It seems that, as time goes on, Halloween is becoming an ever more popular holiday. It has moved from being a children’s celebration to one that is equally observed by adults. In the Catholic liturgy, it is merely the eve of All Saints Day, which continues to diminish in importance as Christianity slowly recedes. The next day, All Souls Day—November 2—is the Mexican Dia de los Muertos, the Day of the Dead.
What with all the horror films and Stephen King novels and Jack O’Lanterns, Halloween tends to flirt with death without really facing it. As a culture, we tend to stay in the outskirts of death without descending into the center of it. The skulls and skeletons we affect are free of putrefaction and stench.
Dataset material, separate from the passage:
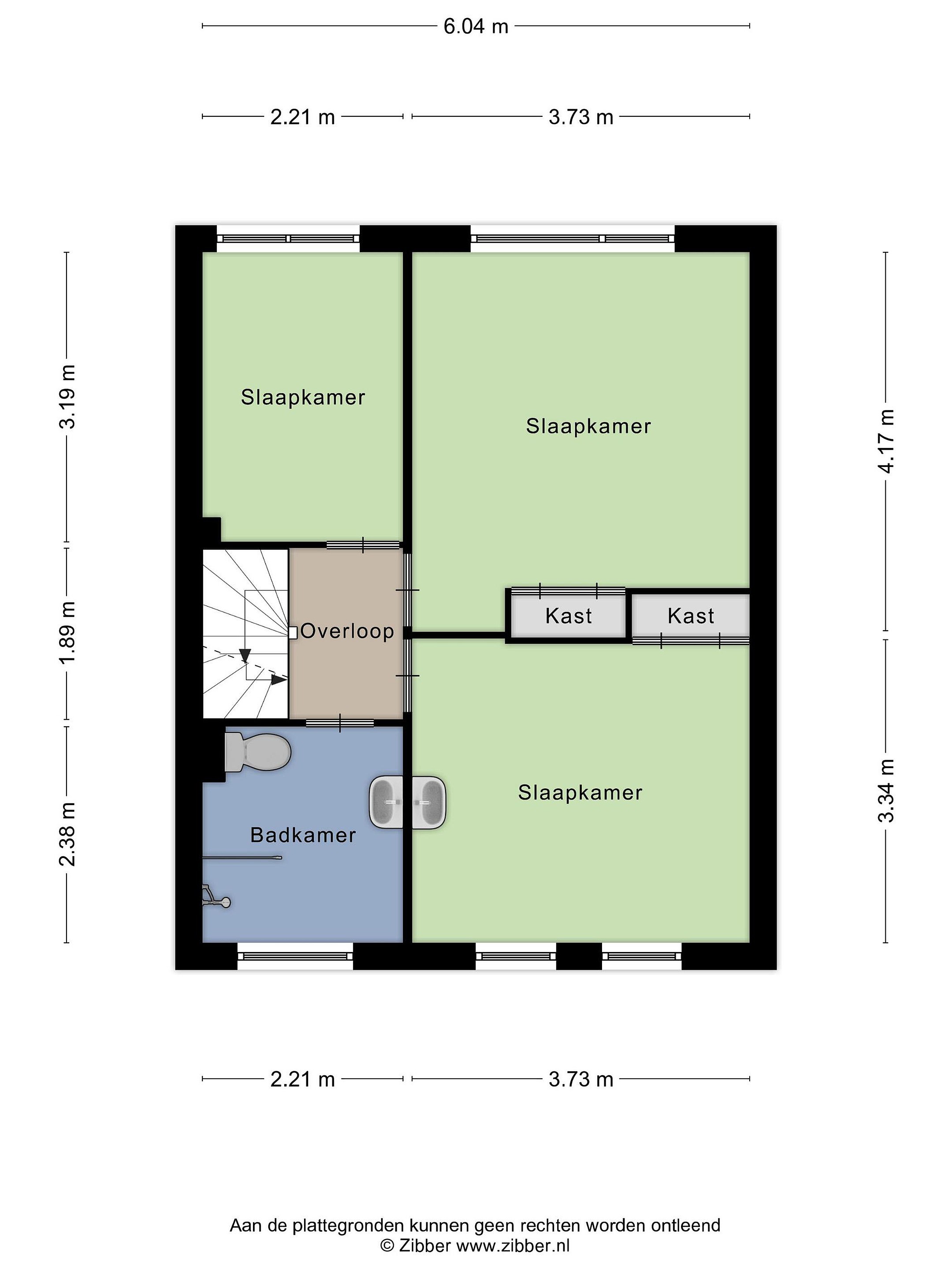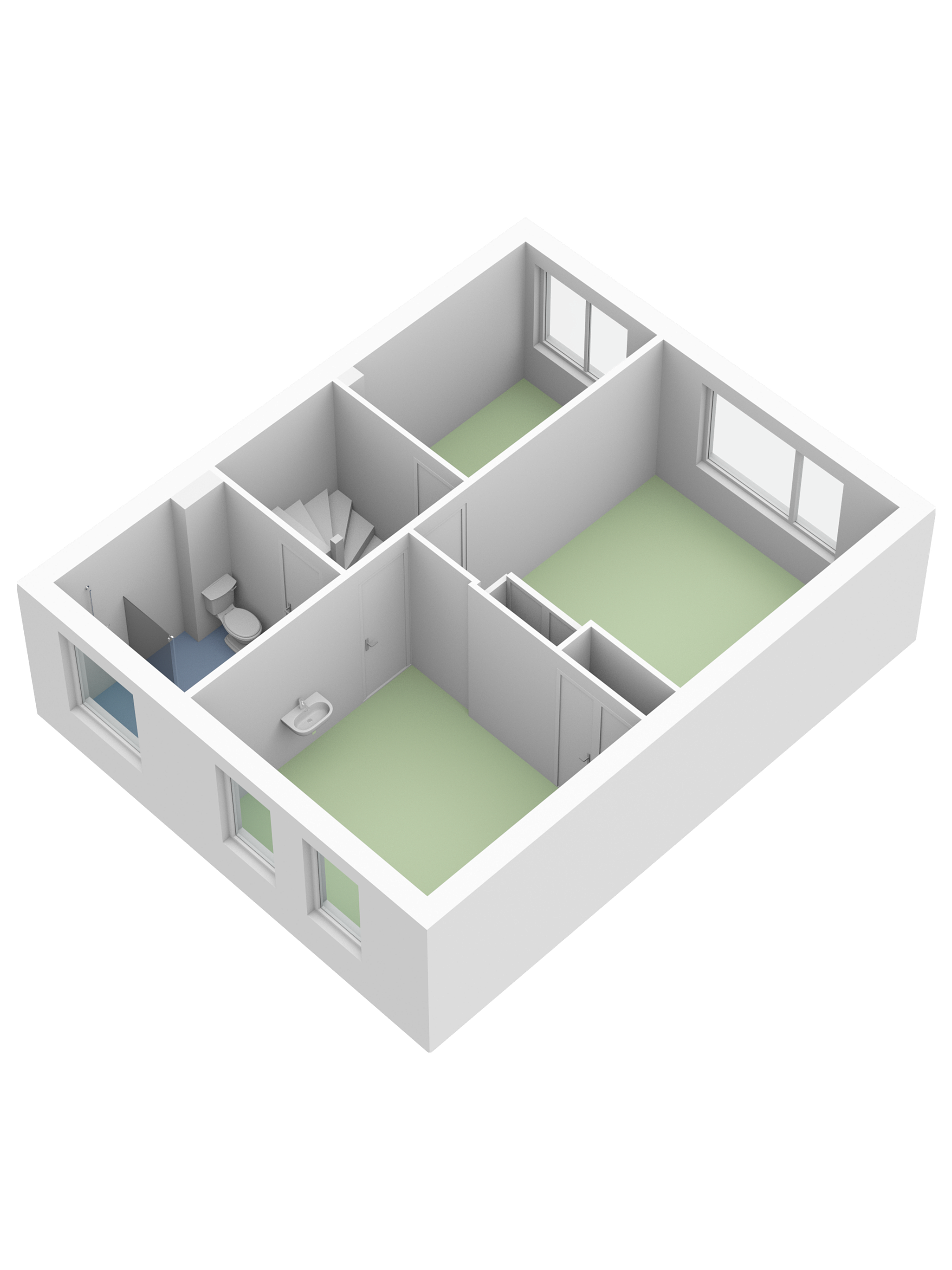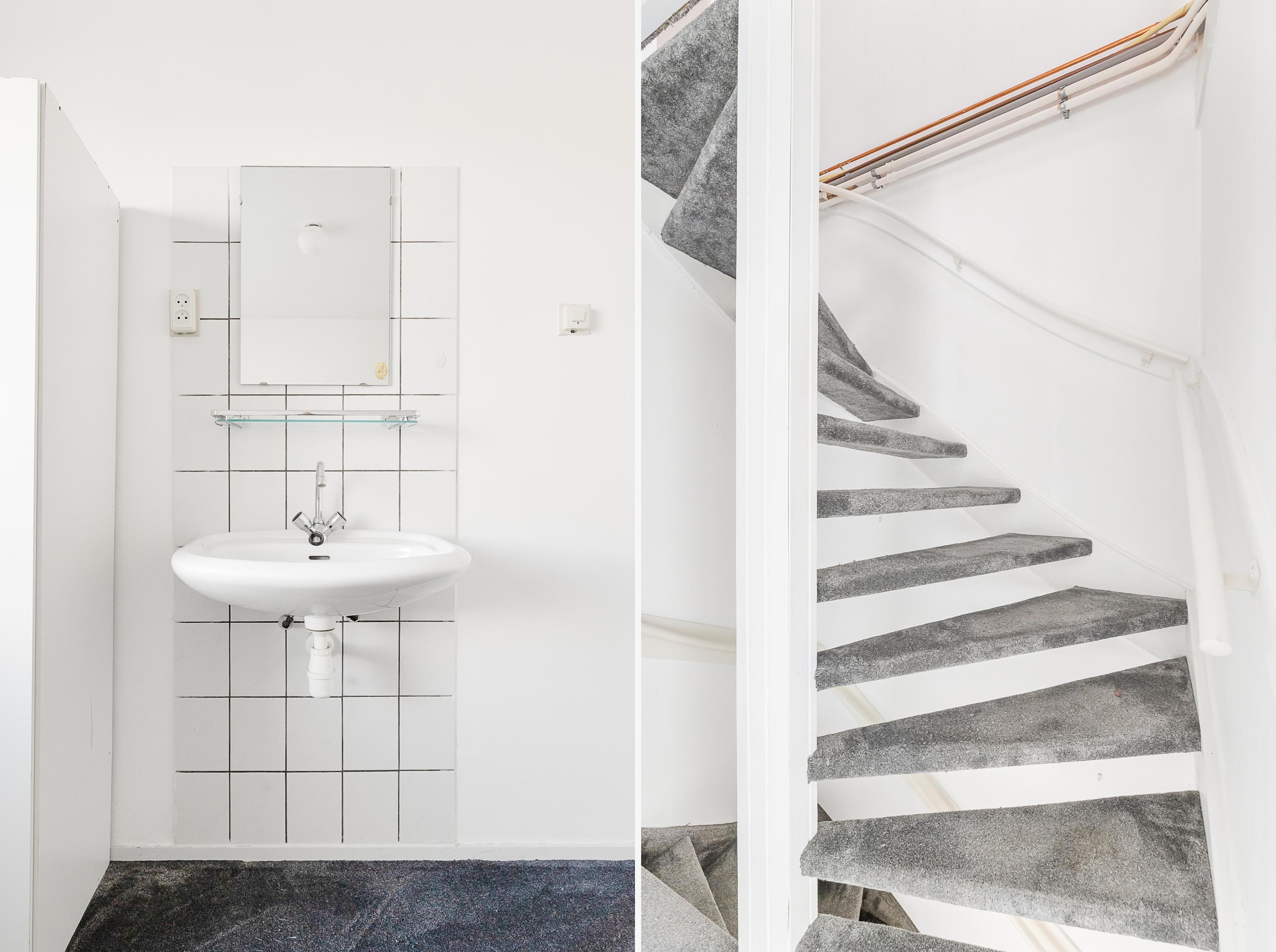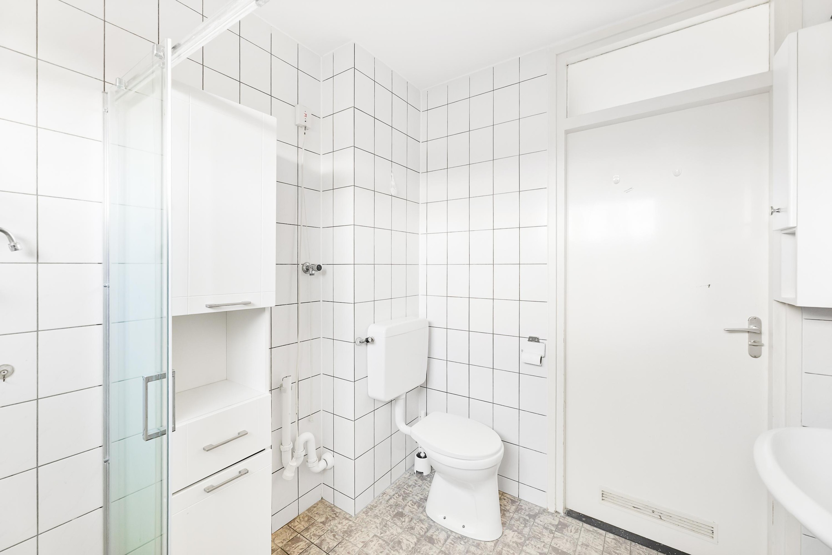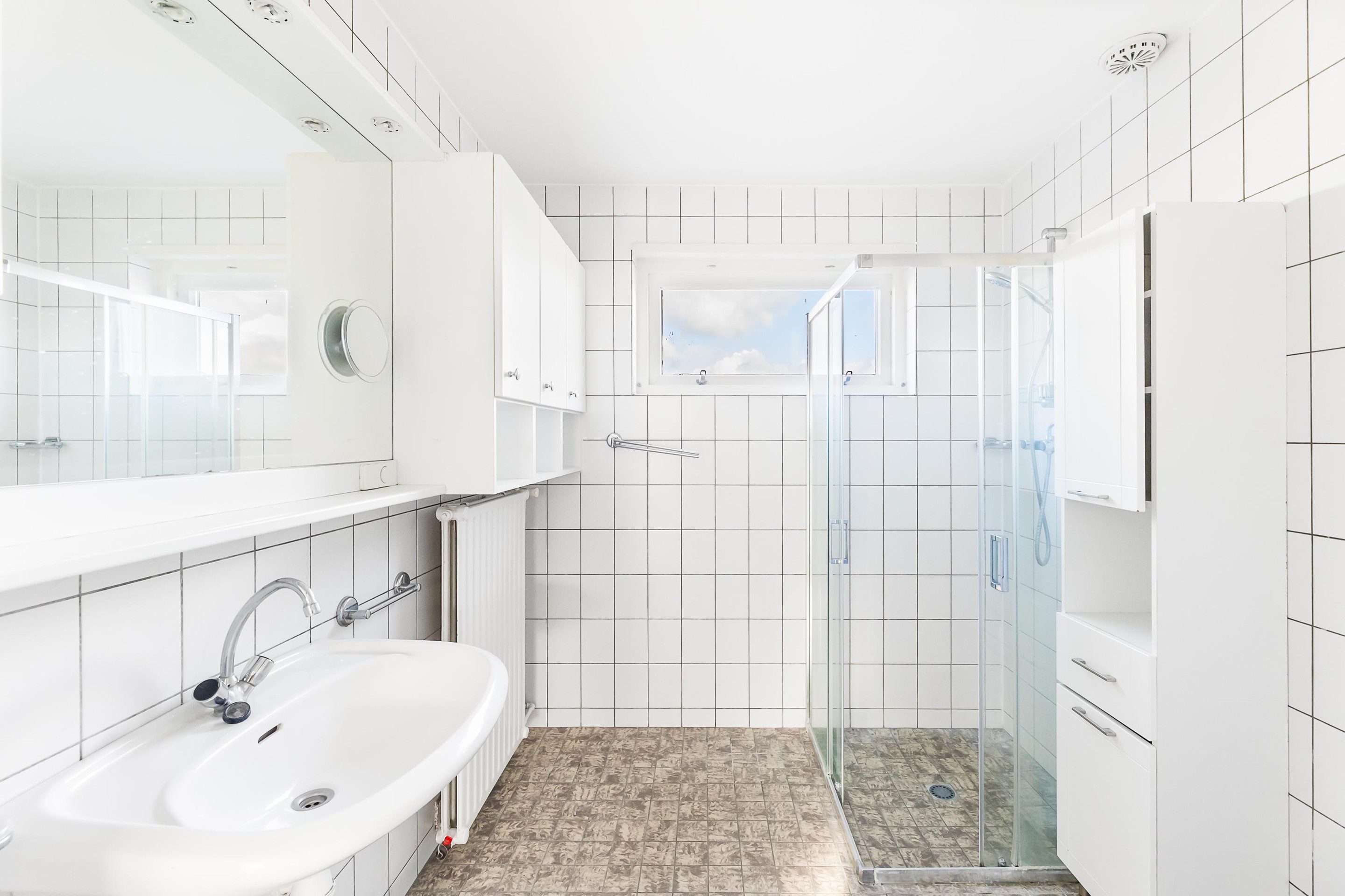 Eerste verdieping Overloop met toegang tot de badkamer en drie slaapkamers. Twee slaapkamers zijn voorzien van vaste kasten. De badkamer is afgewerkt met een douche, toilet, wastafel en aansluiting voor de wasmachine.

When I was a student at Dartmouth College, I spent four years in the remote Middle Wigwam dormitory (later re-christened McLane Hall). To get to the center of campus, I had to pass along the northern edge of the Hanover, New Hampshire cemetery, which has tombstones dating back to the 18th century, as Dartmouth was founded in 1769. It was an eerie experience, especially when walking home at night after a movie, play, or visit to Baker Library. Yet it looked nothing like the fantasy cemetery pictured above. Even the much older Copps Hill Burying Ground in Boston, where Cotton and Increase Mather are interred, is nowhere near as nasty as a typical horror film cemetery.
We like to keep our cemeteries on the neat side else no one would want to visit them. That’s because we are forced to acknowledge death, but we’d rather not think about it. And when we do, we use typical horror themes to frighten ourselves before returning to normality. Among these are vampires, zombies, Frankenstein monsters, ghosts, hauntings, mummies, shock operas like Hitchcock’s Psycho, demons, goblins, and so on. In fact, most of these themes are wildly fictional and outside the experience of most everyone.
Absent from most of these themes is the real sting of death: a numbing sense of loss of our loved ones and the realization that we will not escape the same fate.
So celebrate Halloween by all means. I certainly do. This month I read Thomas Ligotti’s stories in Grimscribe and Shirley Jackson’s The Haunting of Hill House. And I just started Sheridan LeFanu’s Uncle Silas (1864).